Thus far, this is true. The global phone system has persisted for almost 100 years, evolving via numerous “gateways” to older iterations of system (e.g. land lines -> cell phones, copper wires -> microwave links -> fiber optic lines, in-band signaling -> out-of-band signaling, individual lines -> multiplexing, etc.)

Yet despite the same phone system evolving and persisting for almost a century, dial-in BBSes, Minitel [0], and other outdated technologies that use phone lines are completely dead. Just because a communications medium may persist for a long time doesn't mean protocols utilizing the medium will.

[0] https://en.wikipedia.org/wiki/Minitel



The claim was not about the medium, but about the content ("a 500 year old seeded-torrent"). Phone system has never stored any data (other than the mapping between phone numbers and addresses or, lately, people), and was usually upgraded in a backwards-compatible way.
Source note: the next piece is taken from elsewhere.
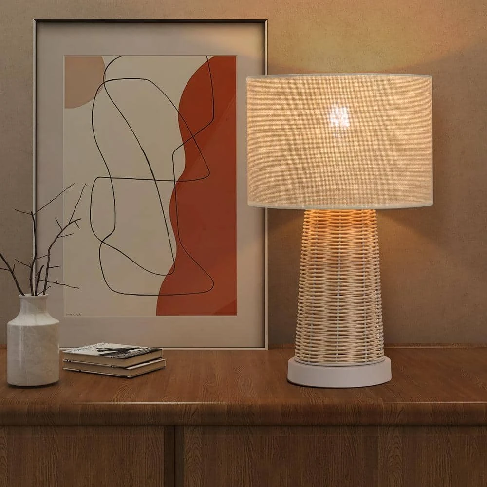 Selecting this vintage rattan table lamp gives you both a functional lighting solution and an artistic piece. It offers gentle illumination while adding a touch of natural elegance to your home. For a limited time, purchase one and receive a second lamp for free. Enhance your home decor with twice the elegance and charm.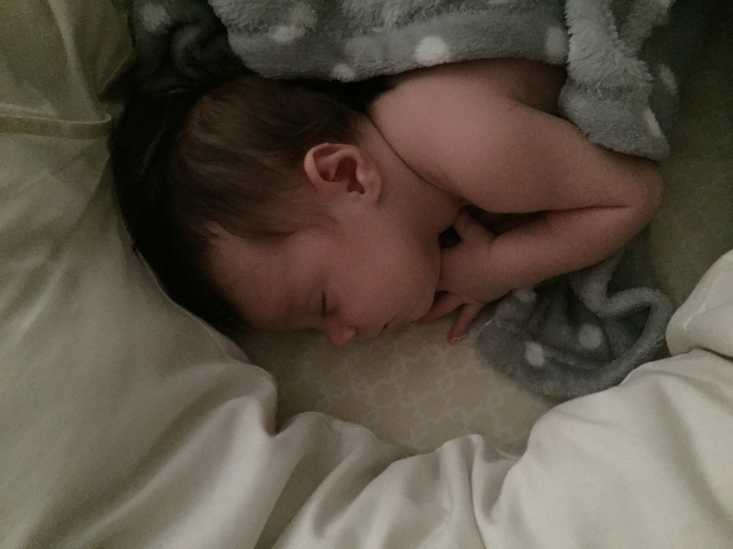 It’s weird because she’ll take that side sometimes, but not always. This morning we even successful nursed in side-lying position which we haven’t successfully been able to do so far. It was really nice! I actually snoozed a bit while she nursed this morning and must have fallen back asleep because when I woke, she’s finished and was peacefully snoozing in front of my chest, a little milk mustache and beard splashed on her sweet little face to show for her nursing efforts. I melted. And then proceeded to stare at her, propped up on my elbow for about 45 minutes this morning.

I think that's the important nuance: humans have always had a keen interest in keeping records of history. We are at an early age of electronic computers, but we've already got things like archive.org — that's likely to persist in some shape or form, just like we are actively trying to persist books and movies from different eras.

Other than natural or civilizational catastrophes, I only see the risk in the amount of data needing storage surpassing any one's entity ability to archive it, but I am sure "humans" would deal with that in due time too.

Edit: I do not necessarily believe the torrent claim, but wanted to clarify why I see a point in it.